Figure 1: Overview of the ObjectMorpher image editing pipeline, demonstrating 2D-to-3D lifting, interactive manipulation, and generative composition for harmonious results.
Methodology
2D-to-3D Lifting and Representation
Object regions in the source image are selected via user interaction and segmented with SAM. The key innovation lies in elevating these 2D regions to a high-quality 3DGS representation using a diffusion-based 3D generation backend (TRELLIS). Compared to mesh representations, 3DGS optimizes for both geometry and photorealistic appearance via volumetric rendering loss, resulting in gradients suitable for dense, detailed, and local edits.
The resulting 3DGS proxy consists of a set of Gaussians, each parameterized by position, scale, rotation, color, and opacity, and rendered with EWA projection for high-fidelity forward and inverse projections.
Interactive Non-Rigid Editing with Physical Priors
Direct editing of dense 3DGS (often millions of primitives) is computationally prohibitive in interactive scenarios.
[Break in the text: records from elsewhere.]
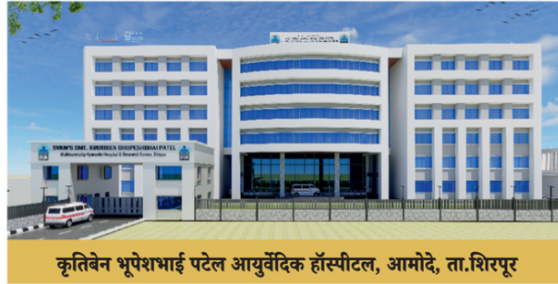
कृतिवेन भूपेशभाई पटेल आयुर्वेदिक हॉस्पिटल, आमोदे, ता.शिरपूर
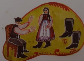
Jön a babám, csikorog a csizmája
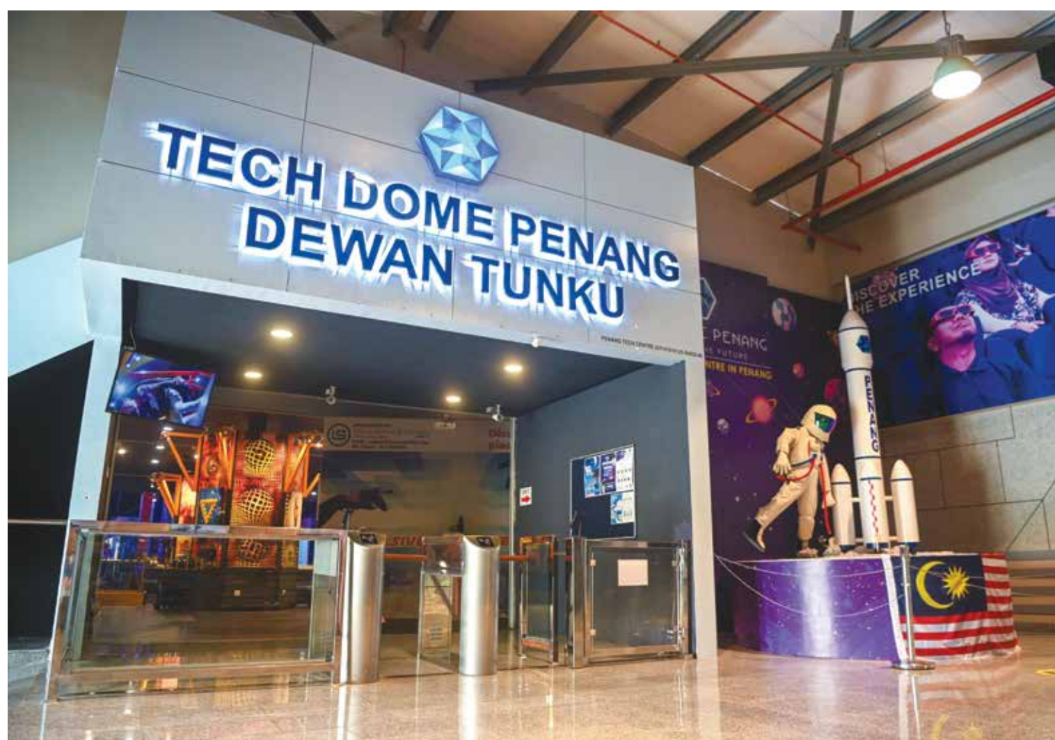
TECH Dome Penang bakal menyambut ulang tahun ke-10 tahun ini, sekali gus menandakan sedekad perannya sebagai pusat sains pertama di negeri ini.

percuma sepanjang 10 hari bermula 9 hingga 18 Julai 2026.

ObjectMorpher addresses this by introducing a sparse control proxy sampled from the 3DGS, forming a geodesically-aware deformable graph (Figure 2). User manipulations are captured as control point drags; the underlying ARAP (As-Rigid-As-Possible) energy ensures deformation remains locally rigid, transferring rotations and translations through iterative SVD-based optimization.
Figure 2: Comparison of naive Euclidean and manifold-respecting geodesic graph connections for the deformable proxy, impacting propagation of deformations.
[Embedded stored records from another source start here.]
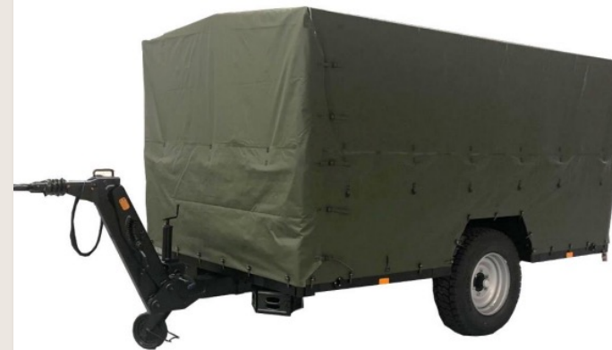
WTC 3200 GT
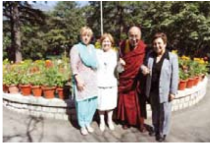
De Dalai Lama samen met de laureaten

Afgelopen oktober waren drie Nobel Prijs winnaars voor enkele dagen in Dharamsala op initiatief van de Foundation for Non-Violent Alternatives. Allemaal vrouwen, Mairead Macguire, één van de Ierse vrouwen die
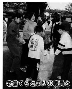
老健でらどまりの職員と

他、悪臭のするゴミもありましたが、気にせず袋いっぱい拾っていました。 集まったゴミを体育館に集めての閉会式。校長先生からは「みんなの力のおかげで、たいへんきれいになりました。これからは、空き缶やゴミを捨てない心のクリーン作戦を行いましょう」とお話がありました。
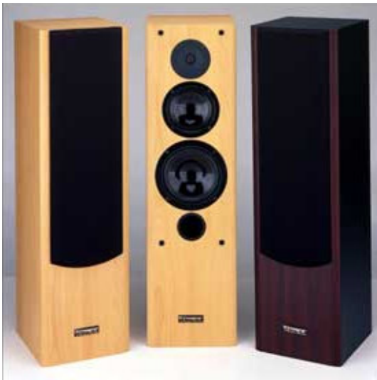
PRISMA 110 Tower , vist i bøkefarge Høyde 85 x B 23,5 x D 26,5

Den viktigste videreutviklingen av den nye PRISMA er den meget spesielle mellomtonehøyttaleren som vist ovenfor. Her er membran og opphengskant laget i ett stykke. Slik unngås forvrengning forårsaket av sammenlimingen av membran og kant. Resultatet er en eksepsjonelt klar mellomtone. Vel så viktig er at den er montert i en egen boks, som er et lukket kammer, slik at membranet ikke påvirkes av innvendige lufttrykkvariasjoner skapt av bassen. Derved oppnås optimal frekvensgang og enda mer klarhet i lyden. Alle blir fullstendig like.
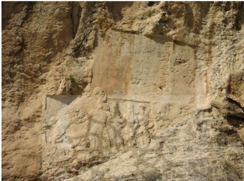
تصویر ۲: نقش برجسته دوره ساسانی. در منطقه سرمشهد فارس.

محوطه باستانی سرمشهد در یک دشت هموار و پهناور در میان دو رشته کوه قرار دارد. در شرق این محوطه کوهستان گچ‌دار بلوط با ۹۰۰ متر بلندی و در غرب آن نیز کوه سلَبک (سروک) با ۱۵۰۰ متر بلندا، قرار گرفته است. کوه‌های این منطقه از جنس آهکی و رسوبی است (ابراهیمی، ۱۳۸۵: ۱۲). تصویر شماره ۲، روایت‌گر بخشی از پیشینه تاریخی این منطقه و انتساب آن به دوره ساسانی می‌باشد.
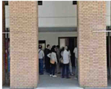
Il Piccolo Teatro

Ha da passà ‘a nuttata, dice Gennaio. Ultima battuta, si abbassa il sipario su Napoli milionaria. Che cosa succederà dopo Eduardo, da genio quale era, ce lo lascia solo immaginare. E sperare. Siamo partiti da qui, da questa frase che ne contiene tante altre, sintesi perfetta allora come oggi, nell’Italia della guerra e della ricostruzione, del coronavirus e dell’emergenza per provare a ragionare sulla funzione del teatro.
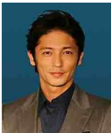
玉木宏（たまき ひろし）さん 1980年1月14日生まれ 愛知県出身

Deformations from the sparse proxy are transferred to the dense 3DGS via Linear Blend Skinning, leveraging local affine transformations with geodesic continuity for natural and structure-preserving edits.
Generative Composite Editing
Following geometry manipulation, the edited 3DGS is projected and composited onto a cleaned background, generated via neural inpainting. ObjectMorpher then applies a specialized composite diffusion module, trained to harmonize boundaries, color, and lighting between the edited object and its scene context, overcoming typical artifacts from direct pasting. The module is conditioned both on the original image and task-specific textual instructions for improved realism and consistency (Figure 3).
Figure 3: Illustration of training data preparation and the diffusion-based pipeline for compositional refinement.
Experimental Evaluation
Qualitative and Quantitative Comparisons
ObjectMorpher is evaluated on a curated benchmark with diverse subjects (animals, humanoids, inanimate, animated characters), and compared with both 2D drag-based and 3D-aware editing baselines. Across a breadth of editing challenges—non-rigid guidance, pose changes, and articulated manipulations—the method uniquely achieves faithful guidance following while maintaining photorealism (Figure 4). In contrast, 2D counterparts either fail to interpret 3D transformations or generate implausible results.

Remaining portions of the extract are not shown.